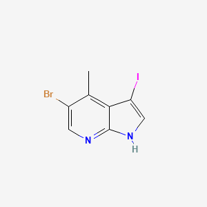 The mechanism of action of 5-bromo-3-iodo-4-methyl-1H-pyrrolo[2,3-b]pyridine, particularly in its role as a kinase inhibitor, involves binding to the ATP-binding site of the target kinase. This binding prevents the phosphorylation of downstream signaling proteins, thereby inhibiting the signaling pathways that promote cell proliferation and survival. The compound’s molecular structure allows it to interact with specific amino acid residues in the kinase’s active site, leading to its inhibitory effects .
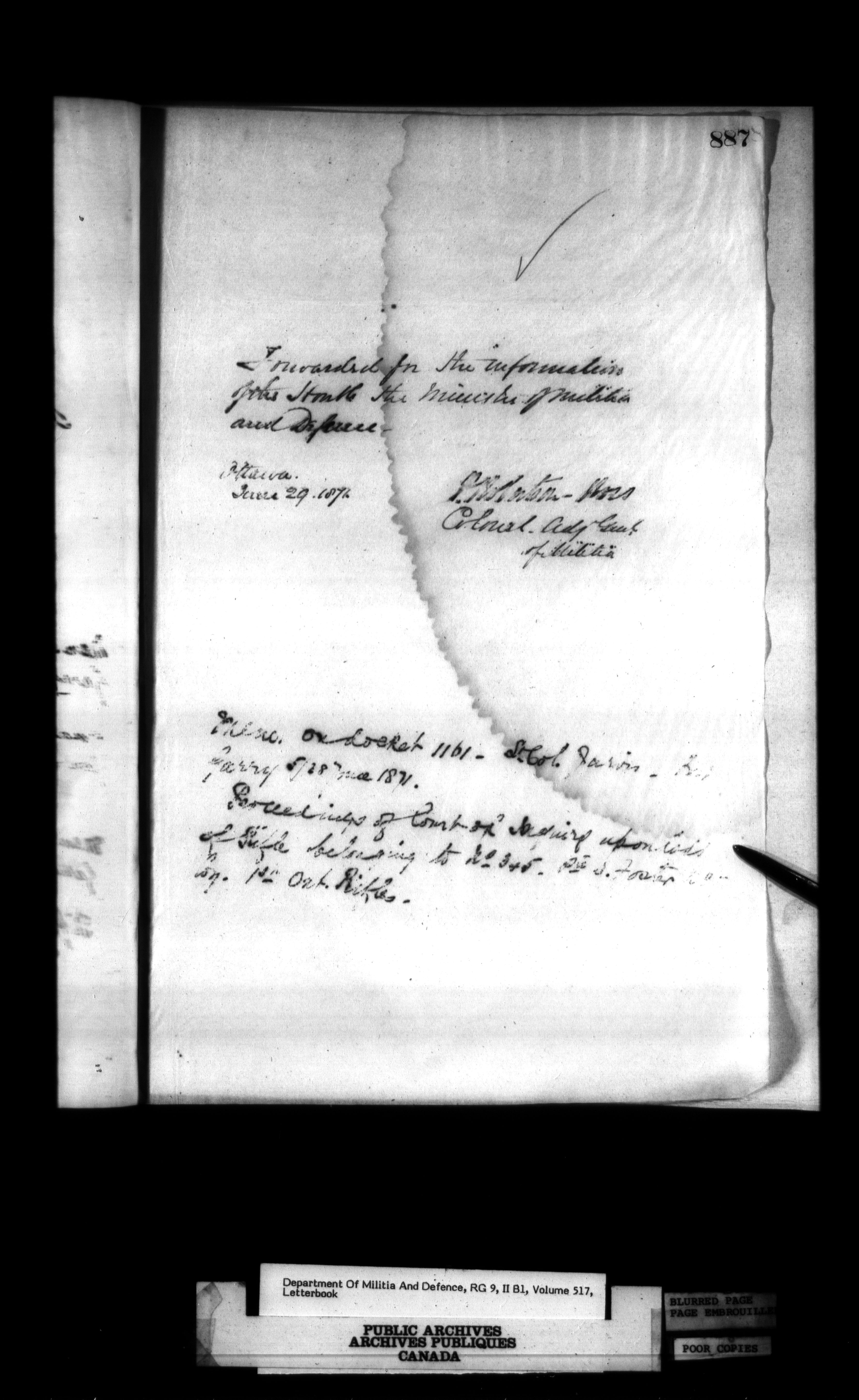Correspondence of the General Officer Commanding (GOC) of the Canadian Militia and his predecessor, the Adjutant General - 285
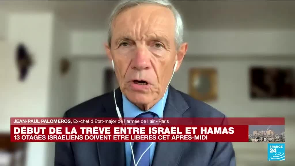 La trêve entre Israël et le mouvement islamiste Hamas dans la bande de Gaza est entrée en vigueur vendredi, et doit être assortie de la libération dans l'après-midi d'une dizaine d'otages contre des prisonniers palestiniens, premiers signes de répit après des semaines de guerre. L'analyse de Jean-Paul Palomeros, ex-chef d'Etat major de l'armée de l'air.
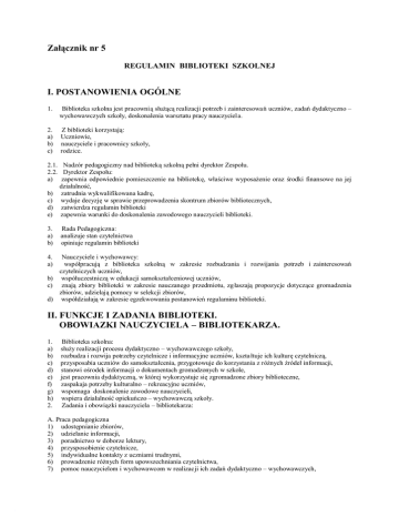 Załącznik nr 5 I. POSTANOWIENIA OGÓLNE II. FUNKCJE I
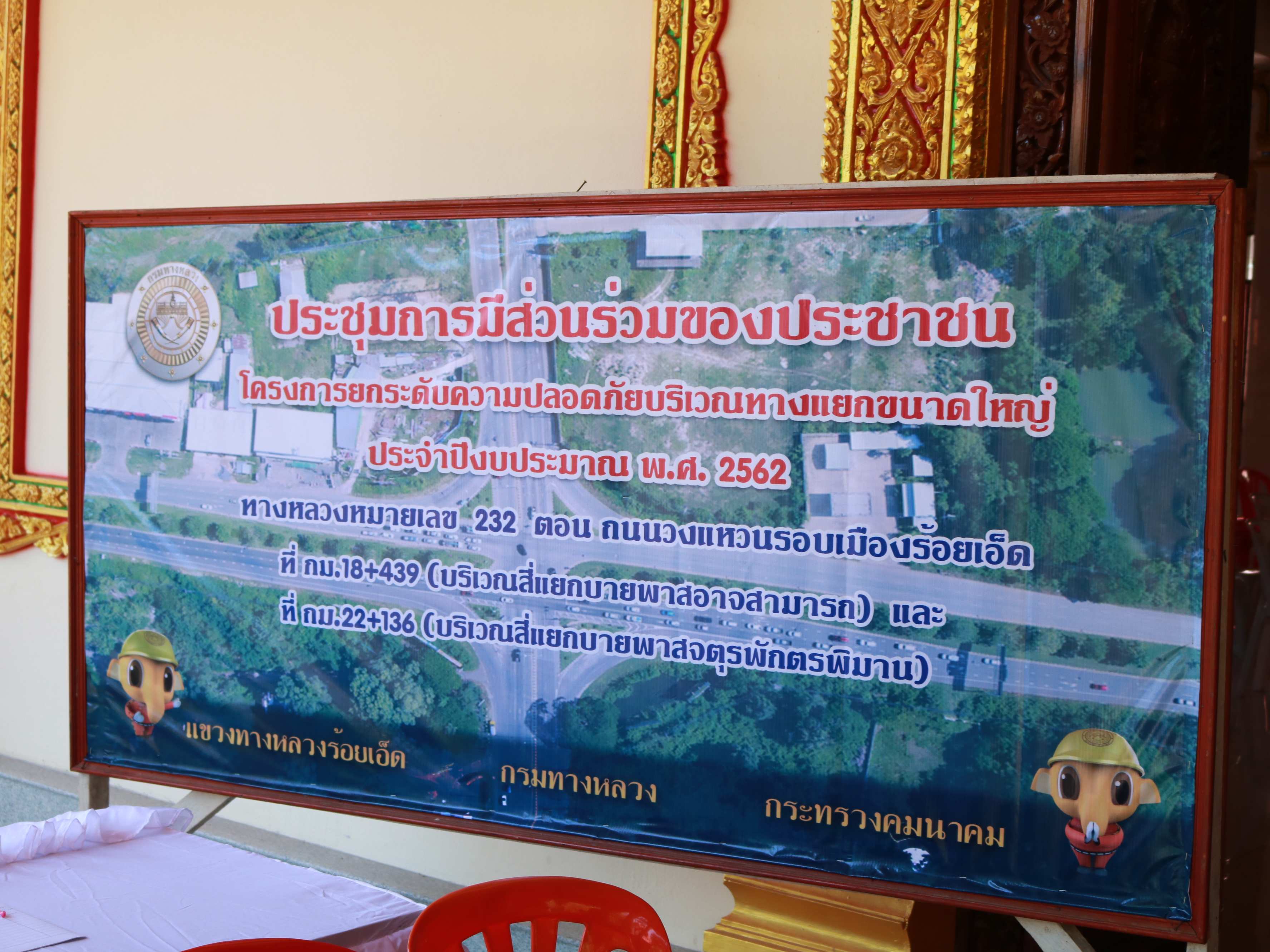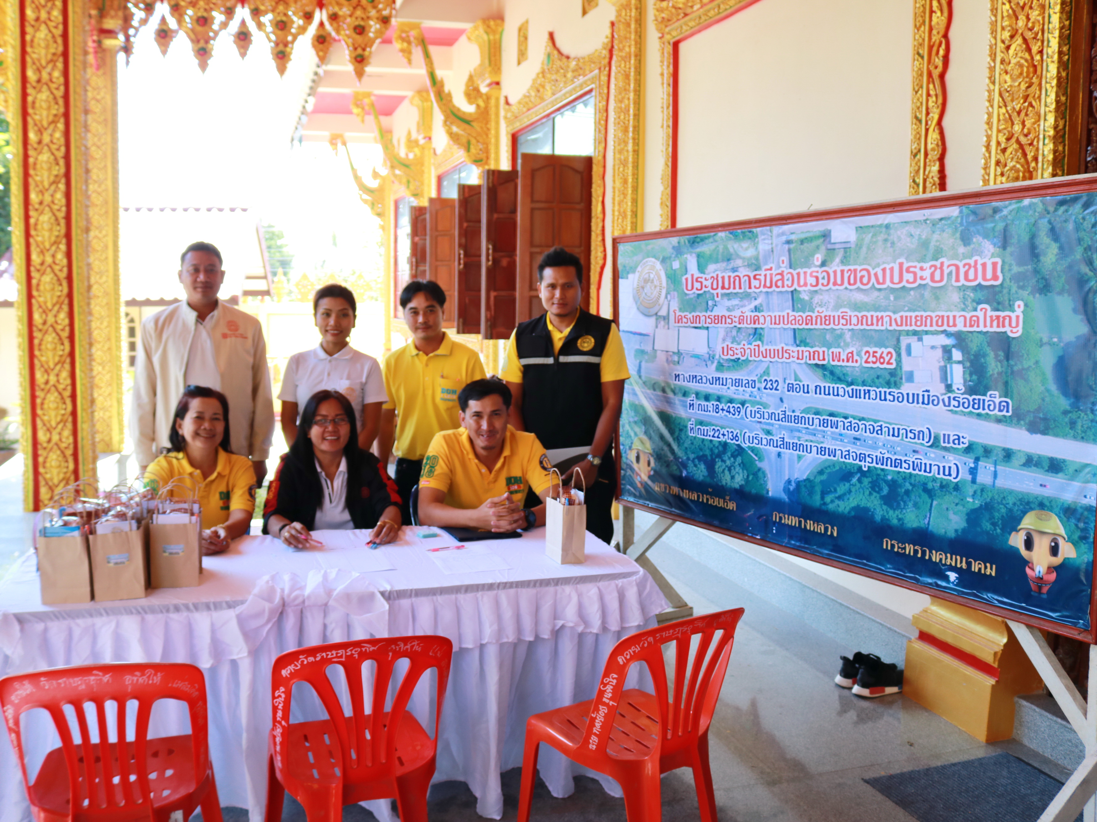 การมีส่วนร่วมของประชาชน "โครงการยกระดับความปลอดภัยบริเวณทางแยกขนาดใหญ่ ประจำปีงบประมาณ พ.ศ. 2562 ทล.232 ตอน ถนนวงแหวนรอบเมืองร้อยเอ็ด
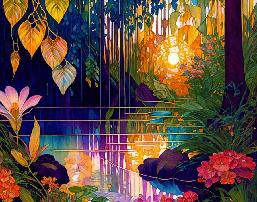 An artful depiction of a lush, colorful garden with a setting sun peeking through dense foliage and flowers, casting a warm glow.
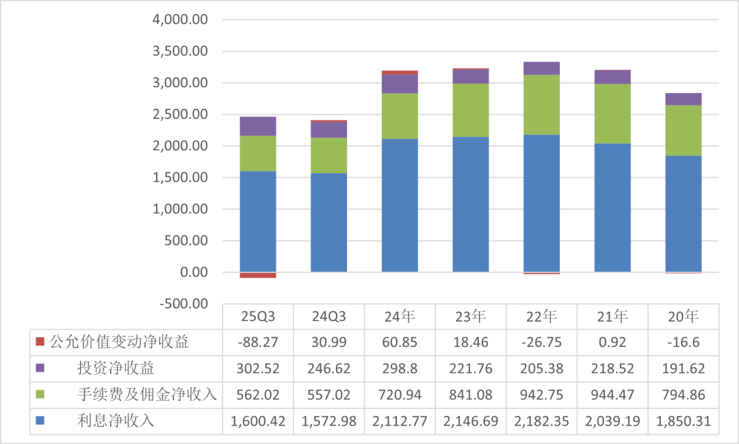 2025年前三季度,投资收益加公允价值变动合计为214.25亿元,较去年同期减少63.36亿元。银行金融资产投资近90%投向债券,其余为股权投资、基金投资、理财产品、贵金属多头等。
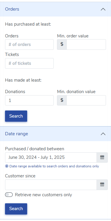 The Orders tab allows you to search for donors and their single donation amounts made within a specified date range. To get a list of donors and their single donation amounts, navigate to:
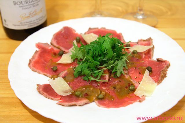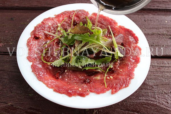 - Пошаговый рецепт приготовления карпаччо из говядины срукколой
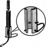 Велосипедный насос сделан так, что накачать им шину — трудная работа, с которой справляется только крепкий человек. Облегчить ее можно с помощью простого приспособления. Из листа металла делается обойма, охватывающая корпус насоса. В ее средней части ставится фиксатор, не дающий насосу упереться в землю. В нижней части устанавливается откидная опора. Такое приспособление позволяет удерживать насос ногой и качать руками — дело облегчается и ускоряется во много крат.
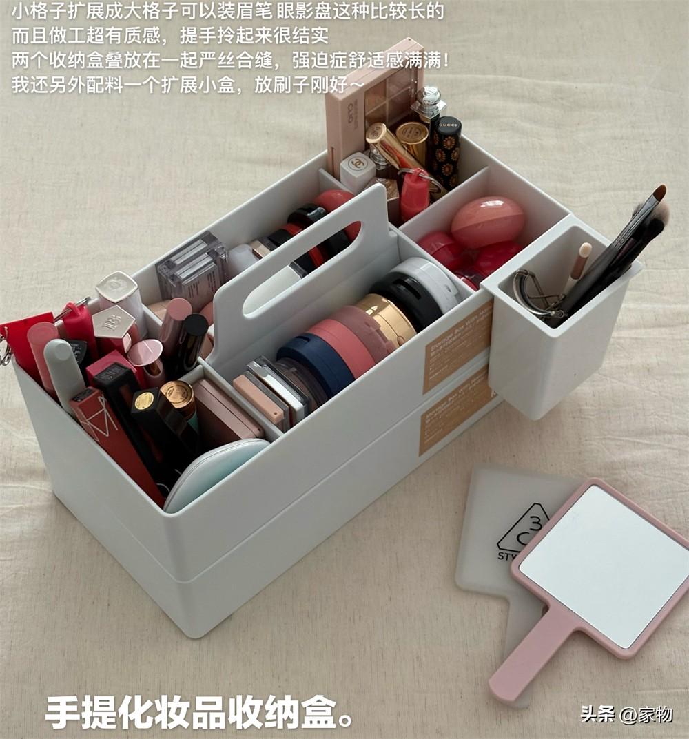 一個超靈活的化妝品收納盒,我梳妝檯上現在其他雜七雜八的收納盒統統扔了,只留下了這麼一個。
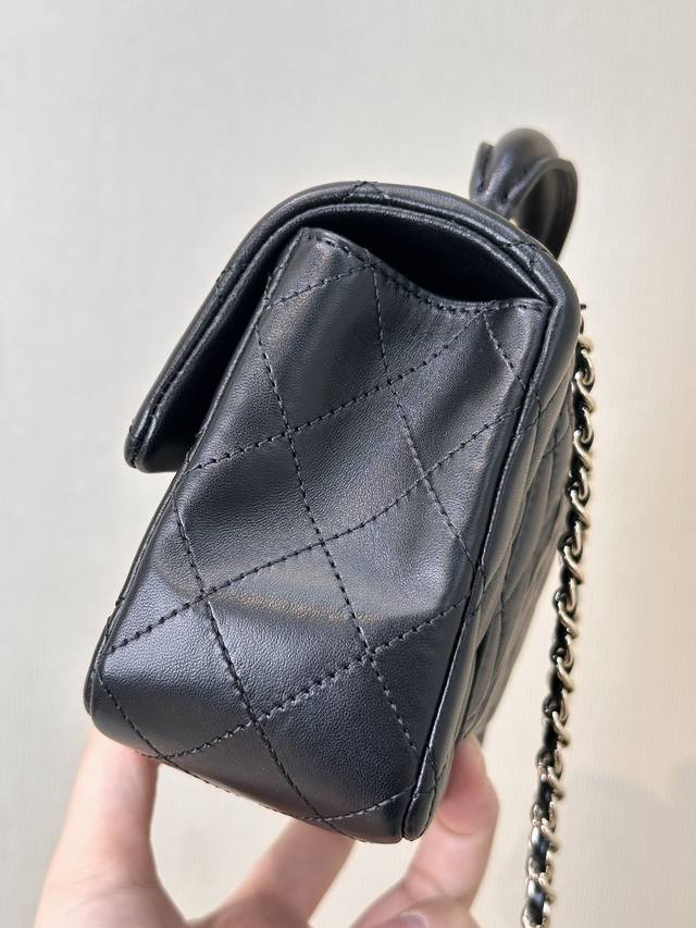/ 2431 皮料手柄款实拍图,意大利进口的小羊皮面料,纯钢五金材质的锁扣及手柄!香槟金五金链条虽然是Mini号但是容量是绝对够用的!能够轻松容纳puls系列的手机

++++++

__Problem statement__
Each line from the one containing "Велосипедный насос сделан" through the last line above should be retyped exactly, and no other line. Any picture is to be left out.

__Reply to the exercise__
 Велосипедный насос сделан так, что накачать им шину — трудная работа, с которой справляется только крепкий человек. Облегчить ее можно с помощью простого приспособления. Из листа металла делается обойма, охватывающая корпус насоса. В ее средней части ставится фиксатор, не дающий насосу упереться в землю. В нижней части устанавливается откидная опора. Такое приспособление позволяет удерживать насос ногой и качать руками — дело облегчается и ускоряется во много крат.
 一個超靈活的化妝品收納盒,我梳妝檯上現在其他雜七雜八的收納盒統統扔了,只留下了這麼一個。
/ 2431 皮料手柄款实拍图,意大利进口的小羊皮面料,纯钢五金材质的锁扣及手柄!香槟金五金链条虽然是Mini号但是容量是绝对够用的!能够轻松容纳puls系列的手机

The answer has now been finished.